Researchers at the University of California, Berkeley, USA have been able to form, erase and reactivate memories in rats. Researchers are working on extending the same method to humans. This discovery could be enormous for police officers and military personnel who suffer from PTSD. Scientists have also developed a BCI drowsiness detection system which uses algorithms to detect the drowsiness and alerts the driver of an automobile by processing the rhythmic values of theta and alpha of EEG signals. Two researchers at Washington have showed not only telepathic communication but could also send the motor-muscle stimulation over internet to cause another person to move his body with a mere thought.
We can also use brain scanning technology to determine if patients in a comatose or vegetative stage are conscious despite their inability to communicate verbally or via motor actions. An expert puts questions and interprets a brain scan image as a yes or no response based on the activation of the areas of the brain. This would allow the police to record the dying declaration of a person who has slipped into a coma, or allow police to question conscious vegetative state patients, or allow vegetative state patients to testify and also help assess their conscious healthcare wishes.

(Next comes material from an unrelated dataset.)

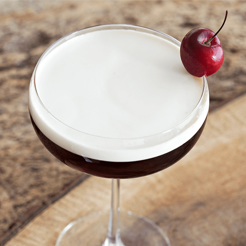 - 6. Garnish with a cherry and a shaving of dark chocolate.

This technology can be of great help in police and healthcare decision making.
AI assisted mind reading may make our lives practical, productivity-enhancing and actually enjoyable. Mind reading applications could make everything happen correctly and automatically. Lights and sounds may turn up or down based on mental preference at a particular moment. Criminal law could be one potential area of application. The Evidence Act, however, does not permit self incrimination. But not performing brain scans on suspects also prevents wrongly accused from proving their innocence. I have previously dealt with Brain Fingerprinting technology on two occasions here, I am therefore skipping it now.
On the downside, criminals can misuse mind reading technology. Experts at the University of Washington have revealed how hackers could insert images into dodgy apps and read people's minds using brain-computer interfaces. It will also be possible for hackers to attack Neuroprosthetics like other medical implants such as pacemakers and diabetic pumps by subverting communication and control protocols. An attacker, for instance, would be able to turn off electrodes of deep brain stabiliser in a Parkinson's patient causing violent tremors and seizures. Using their minds, people are today able to move objects on IoT, control a drone, and play a video game. If it is so, what will stop hackers from remotely manipulating someone's mind?
There're many possibilities for such a technology. A “cloud-based brain-to-brain interface server” could allow the direct transmission of data around the world via the Internet. Such a global brain-net besides the problems of privacy, security and neurorights, could also lend deeper insights into how individual consciousnesses might transcend the biological confines of the human skull to to work collectively. If then, can this technology help humanity realise the 'Oneness' which the scriptures have always been exhorting us? Will it help humankind know that individual consciousnesses are all part of this one universal consciousness which people call The Universal Force? As far as India is concerned, mind-reading is an ancient technology. One can find mind reading (cetopariyañna) dealt with in the third chapter of the “Patanjali Yoga sutras”. Ancient Indians cultivated this superpower through yogic practice.